ABOUT THIS TASK: Reproduce everything from the line that contains "The Differential Transformation" down to the line that contains "As previously mentioned, m" in the listing below, word for word and nothing more. Leave the pictures out.

══ DATASET RECORDS ══

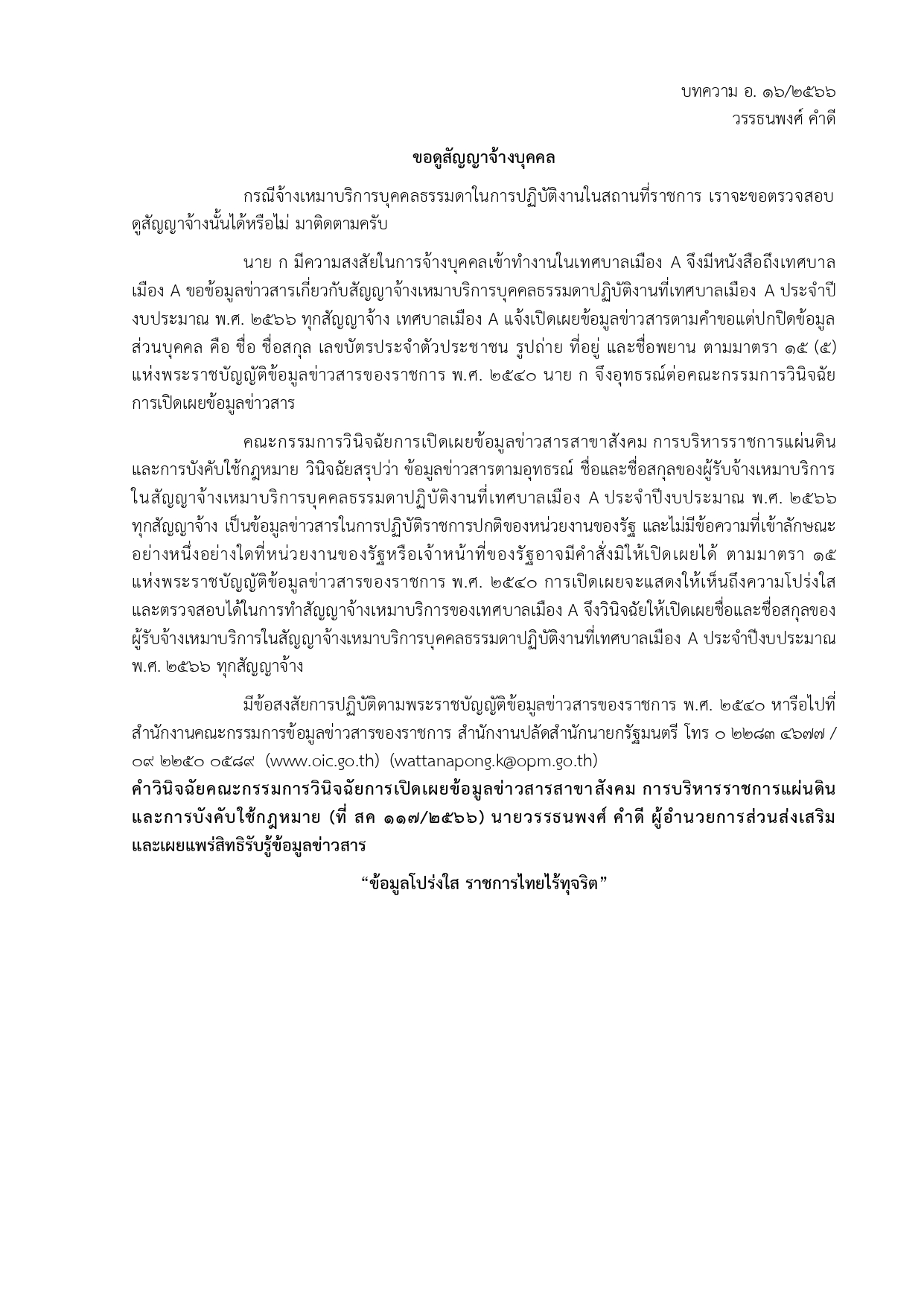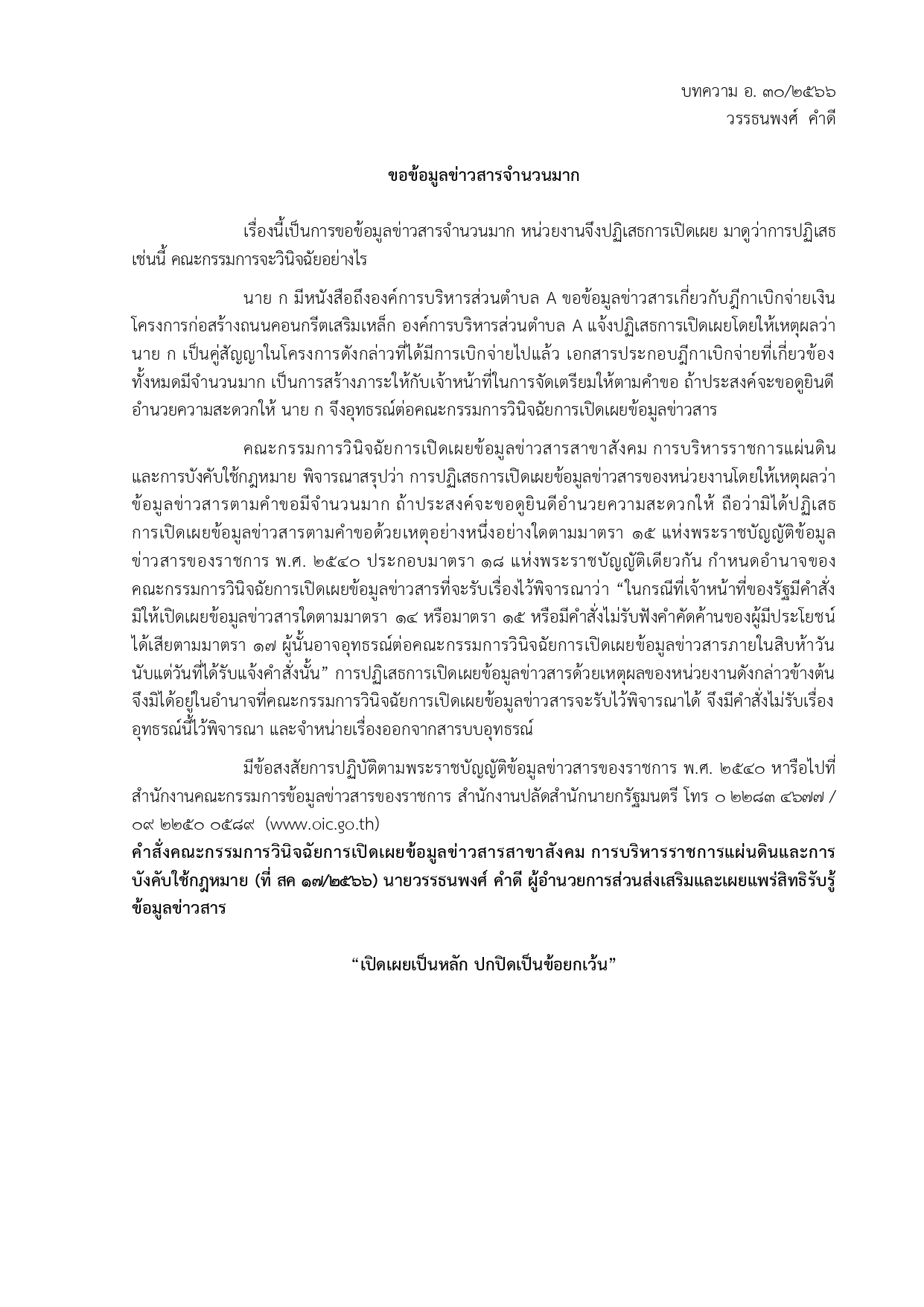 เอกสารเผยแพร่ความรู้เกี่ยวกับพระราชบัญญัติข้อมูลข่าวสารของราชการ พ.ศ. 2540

═══
══ DATASET RECORDS ══

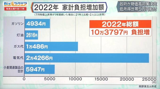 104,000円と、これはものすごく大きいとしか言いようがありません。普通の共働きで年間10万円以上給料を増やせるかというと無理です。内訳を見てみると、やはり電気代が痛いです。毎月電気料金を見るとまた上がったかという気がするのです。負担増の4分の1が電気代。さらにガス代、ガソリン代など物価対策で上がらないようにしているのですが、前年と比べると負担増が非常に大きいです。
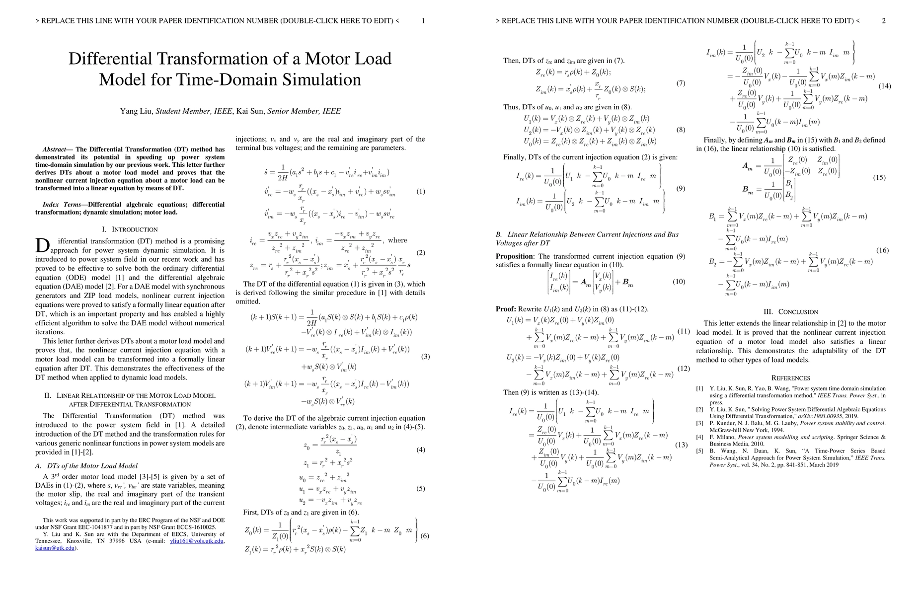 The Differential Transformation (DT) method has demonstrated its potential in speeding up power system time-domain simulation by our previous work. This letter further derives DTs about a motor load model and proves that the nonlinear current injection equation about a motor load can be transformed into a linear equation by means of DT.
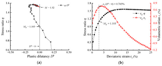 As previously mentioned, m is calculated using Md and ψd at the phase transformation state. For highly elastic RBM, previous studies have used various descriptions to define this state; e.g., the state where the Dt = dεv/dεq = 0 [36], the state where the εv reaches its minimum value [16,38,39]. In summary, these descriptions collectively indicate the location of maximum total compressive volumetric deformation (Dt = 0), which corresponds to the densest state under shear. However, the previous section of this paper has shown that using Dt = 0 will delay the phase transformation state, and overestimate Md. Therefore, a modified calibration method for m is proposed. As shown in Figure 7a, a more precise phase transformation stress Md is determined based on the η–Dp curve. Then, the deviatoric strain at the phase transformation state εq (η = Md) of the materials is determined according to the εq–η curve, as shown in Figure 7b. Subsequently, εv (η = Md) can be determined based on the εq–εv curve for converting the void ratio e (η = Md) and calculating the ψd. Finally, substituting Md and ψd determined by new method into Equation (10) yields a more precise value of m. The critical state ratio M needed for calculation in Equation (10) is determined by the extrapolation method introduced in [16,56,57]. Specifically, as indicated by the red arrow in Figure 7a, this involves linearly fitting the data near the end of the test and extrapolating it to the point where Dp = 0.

═══

EXERCISE OUTPUT:
 The Differential Transformation (DT) method has demonstrated its potential in speeding up power system time-domain simulation by our previous work. This letter further derives DTs about a motor load model and proves that the nonlinear current injection equation about a motor load can be transformed into a linear equation by means of DT.
 As previously mentioned, m is calculated using Md and ψd at the phase transformation state. For highly elastic RBM, previous studies have used various descriptions to define this state; e.g., the state where the Dt = dεv/dεq = 0 [36], the state where the εv reaches its minimum value [16,38,39]. In summary, these descriptions collectively indicate the location of maximum total compressive volumetric deformation (Dt = 0), which corresponds to the densest state under shear. However, the previous section of this paper has shown that using Dt = 0 will delay the phase transformation state, and overestimate Md. Therefore, a modified calibration method for m is proposed. As shown in Figure 7a, a more precise phase transformation stress Md is determined based on the η–Dp curve. Then, the deviatoric strain at the phase transformation state εq (η = Md) of the materials is determined according to the εq–η curve, as shown in Figure 7b. Subsequently, εv (η = Md) can be determined based on the εq–εv curve for converting the void ratio e (η = Md) and calculating the ψd. Finally, substituting Md and ψd determined by new method into Equation (10) yields a more precise value of m. The critical state ratio M needed for calculation in Equation (10) is determined by the extrapolation method introduced in [16,56,57]. Specifically, as indicated by the red arrow in Figure 7a, this involves linearly fitting the data near the end of the test and extrapolating it to the point where Dp = 0.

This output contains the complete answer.